A problem arose with the Boc PG used to protect the amino-oxy, as the conditions to remove this PG
are relatively harsh. Typically concentrated HCl or pure trifluoroacetic acid (TFA) is used. These
conditions are not practical to work with when screening a large number of different linear peptide
chains in peptide library format. These screening reactions are done in microwell plates which fill up
rapidly and can even overflow due to the large volumes of acid and base needed to mediate the
conditions for the different coupling, and deprotection reactions.

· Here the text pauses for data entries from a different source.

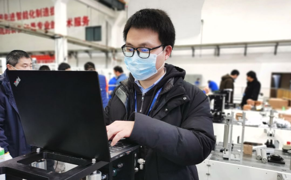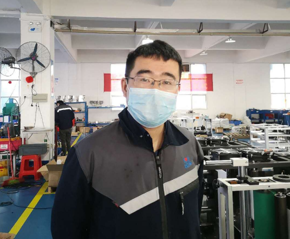 徐存培是平面口罩机项目的技术负责人。自接到平面口罩机研制任务以来,他几乎就“长”在公司里了。他穿梭在各台平面口罩机间,一会儿垫脚测量放料架距离地面的高度,一会儿弯腰拧紧设备柜里的螺丝,一会儿又紧盯着传送带,看无纺布贴合的角度是否精准无误……
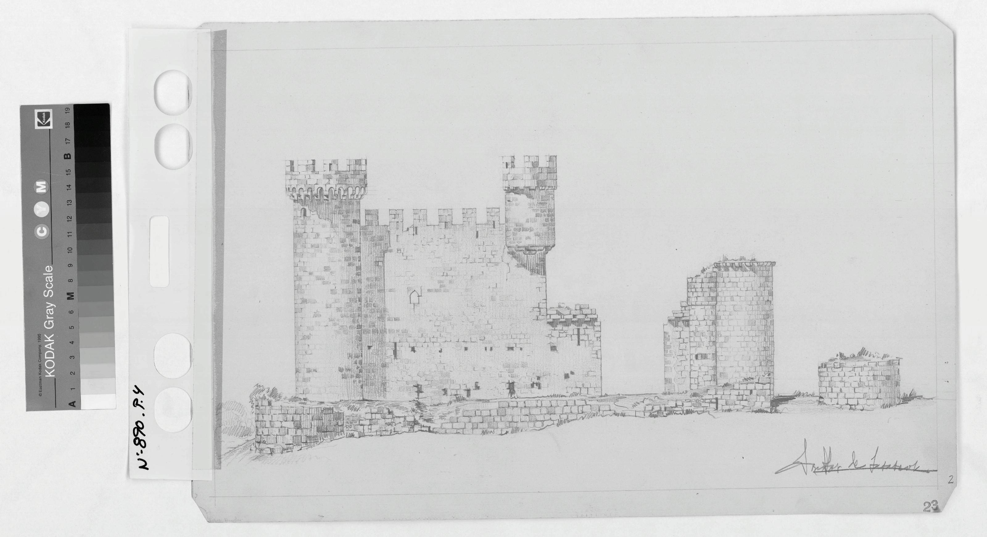 CASTILLO DE OLMILLOS DE SASAMON.- BURGOS -: ALZADO 2. Alzado dibujado a lapiz, con sombras y despiece de piedras, sin cotas ni escala.
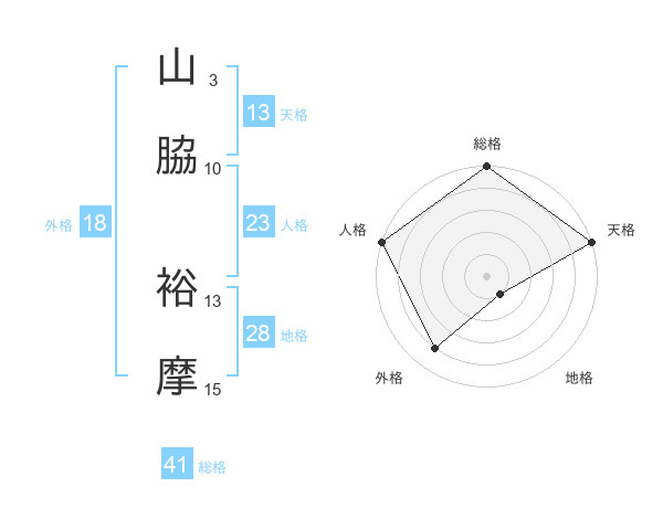 山脇 裕摩さんを姓名の画数から五運を鑑定
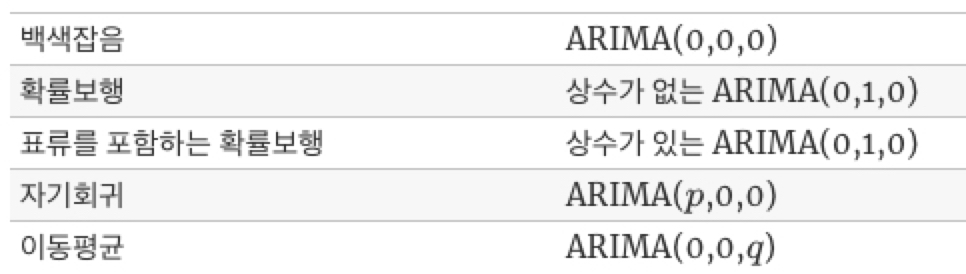 아래의 표는 ARIMA의 여러 경우를 정리한 표이다.
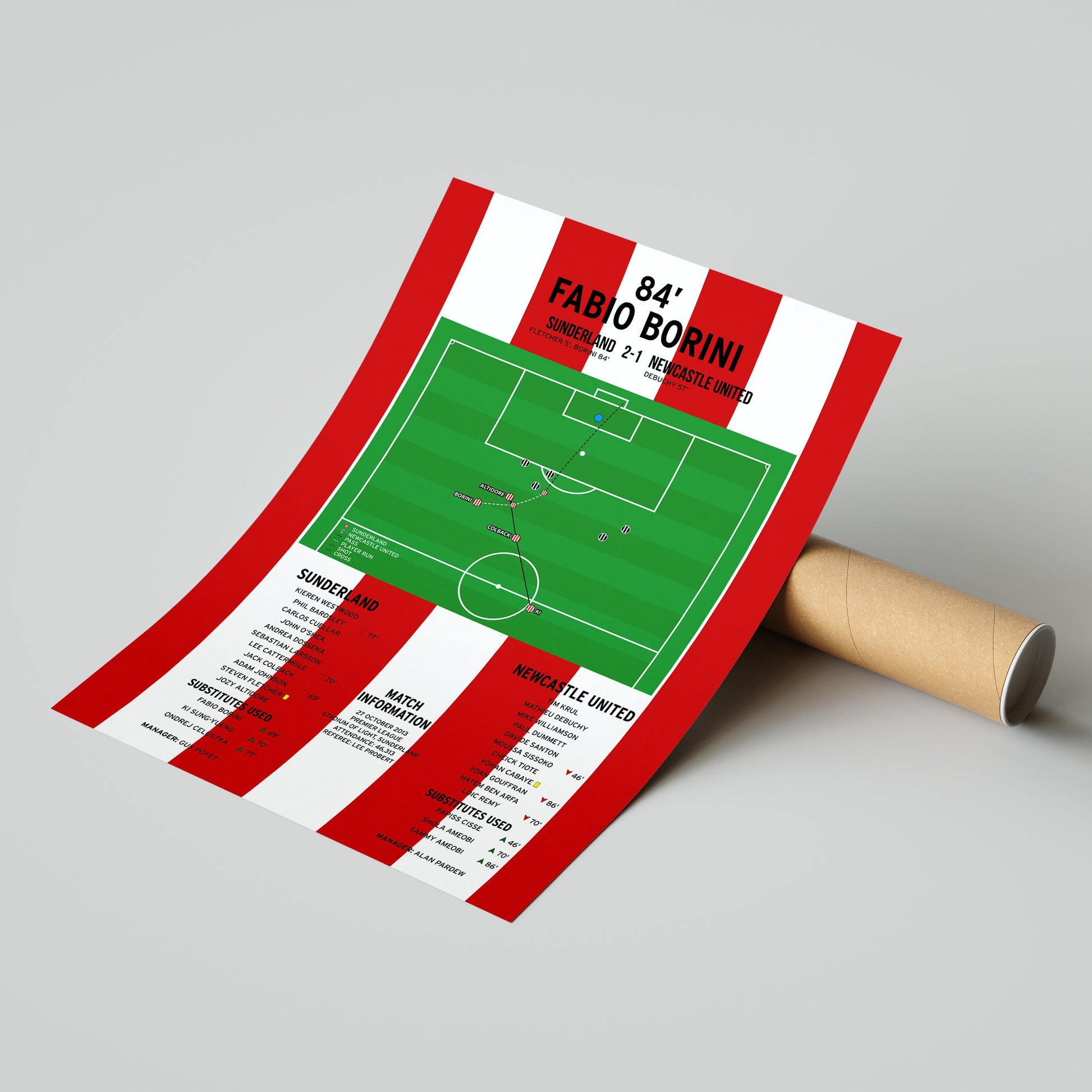 This print showcases Fabio Borini's stunning goal that saw Sunderland beat Newcastle in 2013.

Therefore a new, more acid labile amino-oxy PG is desired. The research question of this project is:
can a scaffold be synthesized with a highly acid labile PG on the amino-oxy substituent for use in an
orthogonal CLIPS and oxime ligation?
13
1.4 Aim of the project
For this project the exceptionally acid labile 4-methyltrityl (Mtt) will be used to protect the amino-oxy
group (Figure 10). The Mtt group was chosen not only for its acid lability, but also for the fact that it is
well described in literature and is readily commercially available as MttCl.14
Figure 10: The T4-N2 scaffold with the Mtt protected amino-oxy group.
To synthesize the scaffold the synthetic approach showed in Figure 11 and 12 will be followed.

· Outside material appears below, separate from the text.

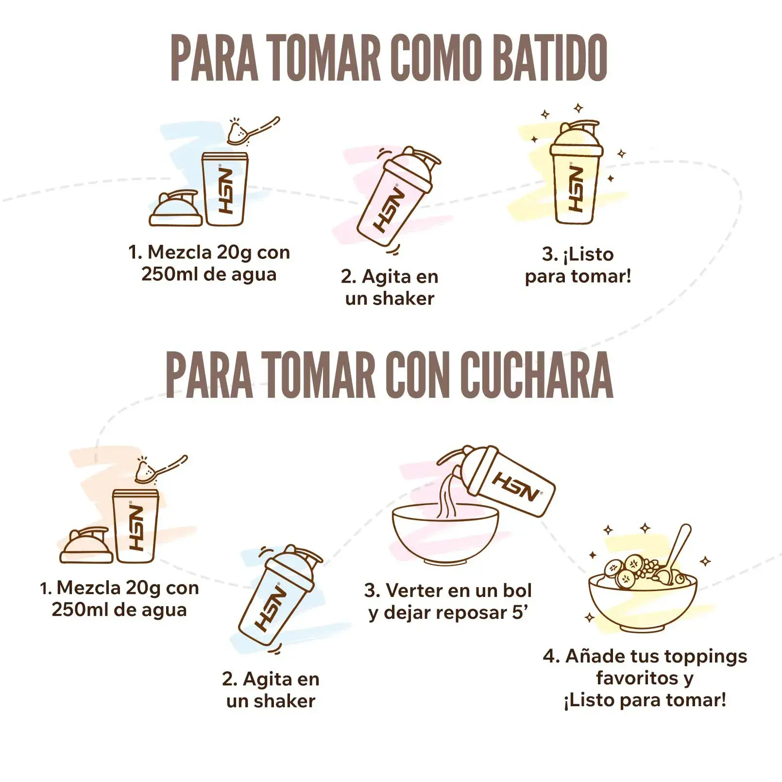 Mezclar 1 dosificador de 20ml (20g aprox.) con 250ml de agua, tomar antes de las comidas.
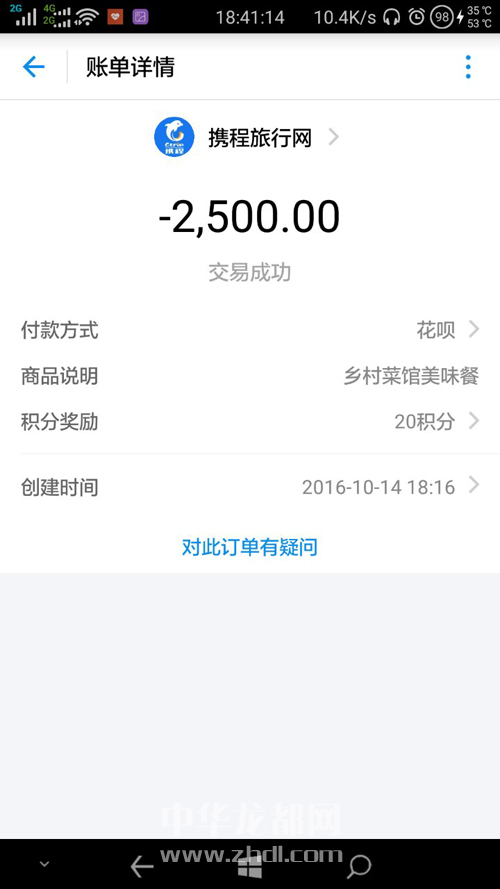 ????一番周旋后,小王意識到他已經(jīng)很難向?qū)Ψ揭刂Ц兜?500元,便查詢這筆錢的流向。根據(jù)賬單顯示,小王的2500元支付給了攜程旅行網(wǎng),另外兩筆未生成的交易收款方分別為攜程旅行網(wǎng)和北京世紀(jì)卓越信息技術(shù)有限公司。已經(jīng)支付的2500元最后通過攜程旅行網(wǎng)流向了百度糯米訂餐軟件中的一家名叫“鄉(xiāng)村菜館”的店鋪(圖5)。

Diethanolamine was protected with carboxybenzyl (Cbz) followed by a Mitsunobu reaction with
n-hydroxyphthalimide to yield product 3. After treatment with hydrazine the free amino-oxy is
subsequently protected with MttCl. After hydrogenation over Pd/C to remove the Cbz PG the Mtt
protected amino-oxy 6 is obtained. The other part of the scaffold was synthesized from
3,5-dimethylbenzoic acid which was converted to the t-Bu ester 7. After bromination the carboxylic
acid is formed which can then be coupled to product 6 yielding the scaffold.
Figure 11: Synthetic route of the oxime ligation reactive group part of the scaffold.
14
Figure 12: Synthetic route of the CLIPS reactive group part of the scaffold, followed by the coupling
of both scaffold parts to each other.
2 Experimental
2.1 Synthesis of scaffold: CLIPS half
The top half of the scaffold was synthesized from 3,5-dimethylbenzoic acid which converted to the
t-Bu ester 8 followed by the bromination of the product to the di-brominated product 9 (Scheme 1).

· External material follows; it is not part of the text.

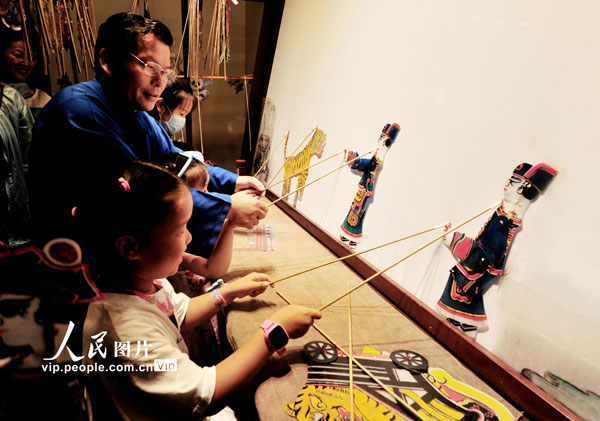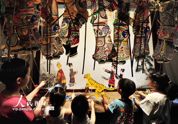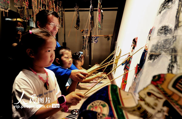 2020年7月25日,上海市松江區泗涇老街的皮影館當天上演傳統古裝皮影戲《武松打虎》,吸引一些孩子們前來觀看。演出結束后,孩子們還在后臺親手體驗操作皮影人物。楊建正/人民圖片
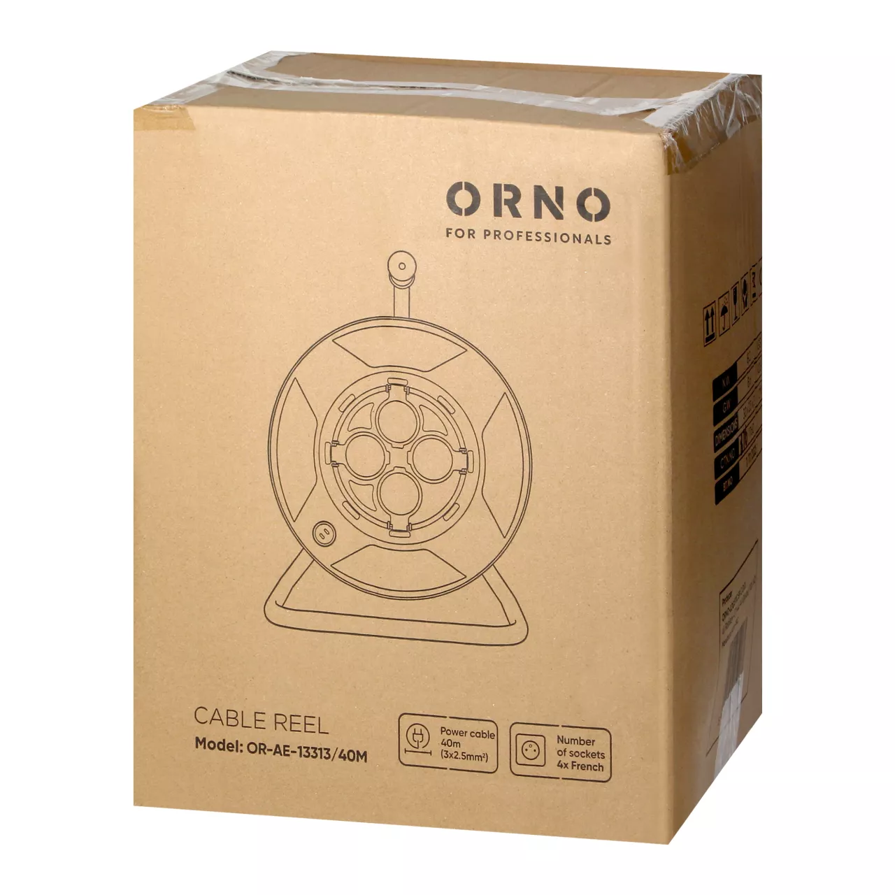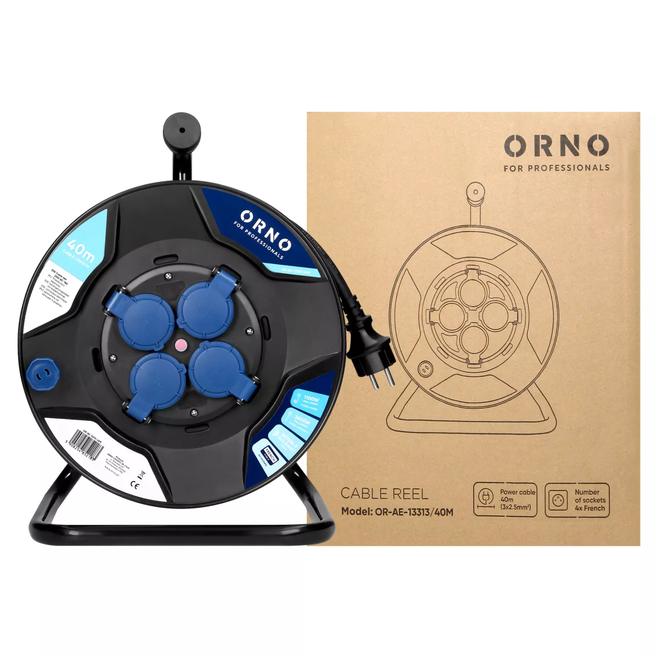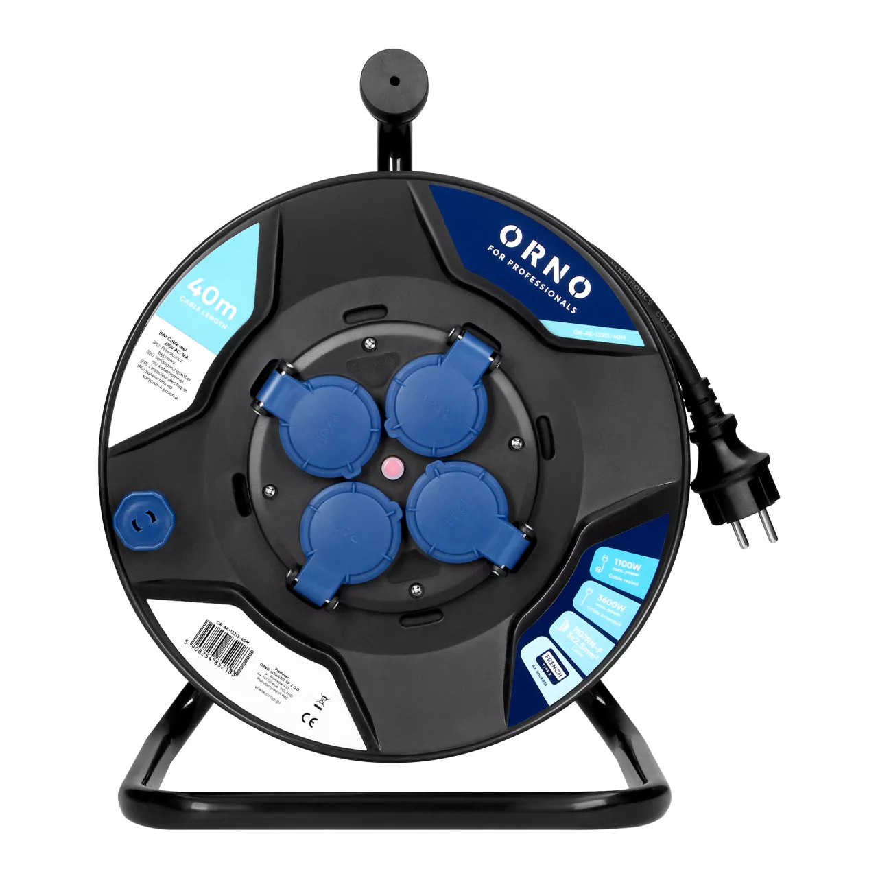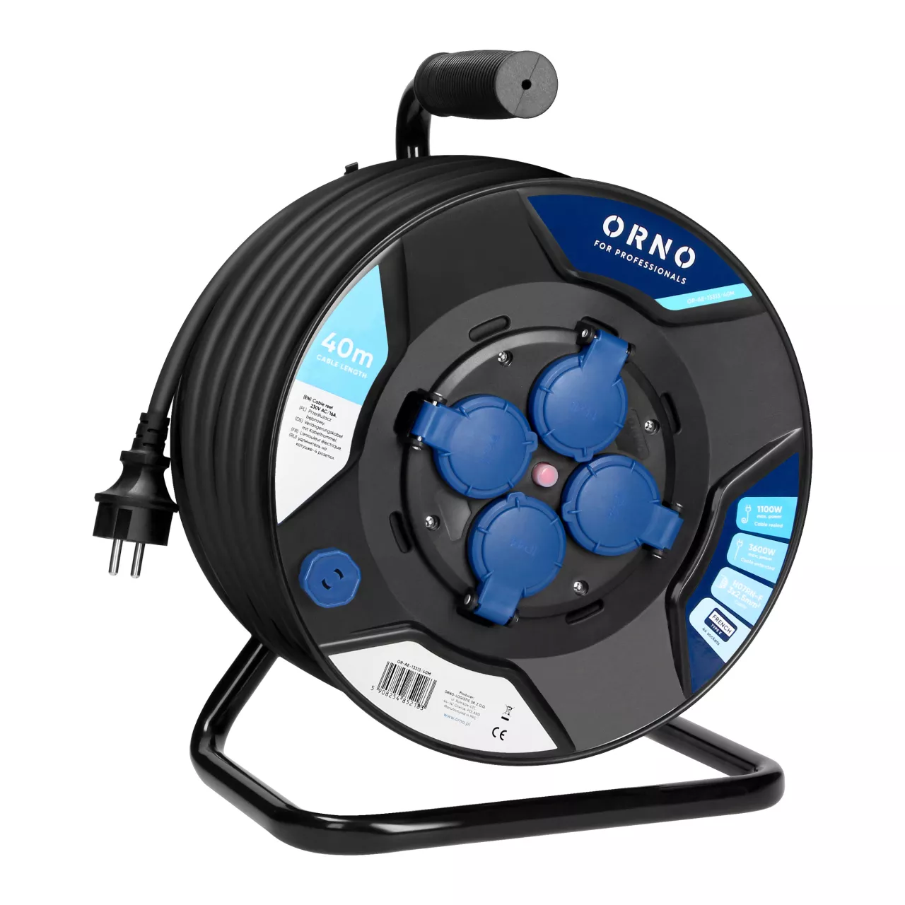 Przedłużacz bębnowy, 4 gniazda 2P+Z, kabel PVC H07RN-F 3x2,5mm², długość 40m, termik, przesłony torów prądowych

Scheme 1: t-Bu ester synthesis followed by the bromination towards product 9.
This reaction had to be followed using NMR as the bromination as the mono-brominated compound is
formed before the desired product 9. Additionally, bromination does not stop after compound 9 is
formed, as 9 is also converted by NBS into the tri-brominated compound 9-1 (Scheme 2).
15
Scheme 2: Bromination of 9 towards the tri-, and tetra-brominated products 9-1 and 9-2.
An equilibrium is desired where most of the starting material 8 is converted to the product 9 whereby
most of 9-1 is converted and the concentration of 9-2 is kept at a minimum. Typically crystallization in
n-hexane is carried out to purify the product 9. However, after 3 attempts no crystallization was
observed. Co-crystallization with left over product 9 from previous experiments was also
unsuccessful. Therefore, it was decided to continue the synthesis of the scaffold with the crude
product. Following the bromination the t-Bu ester was converted to the carboxylic acid 10 using
formic acid in dichloromethane (DCM) (Scheme 3).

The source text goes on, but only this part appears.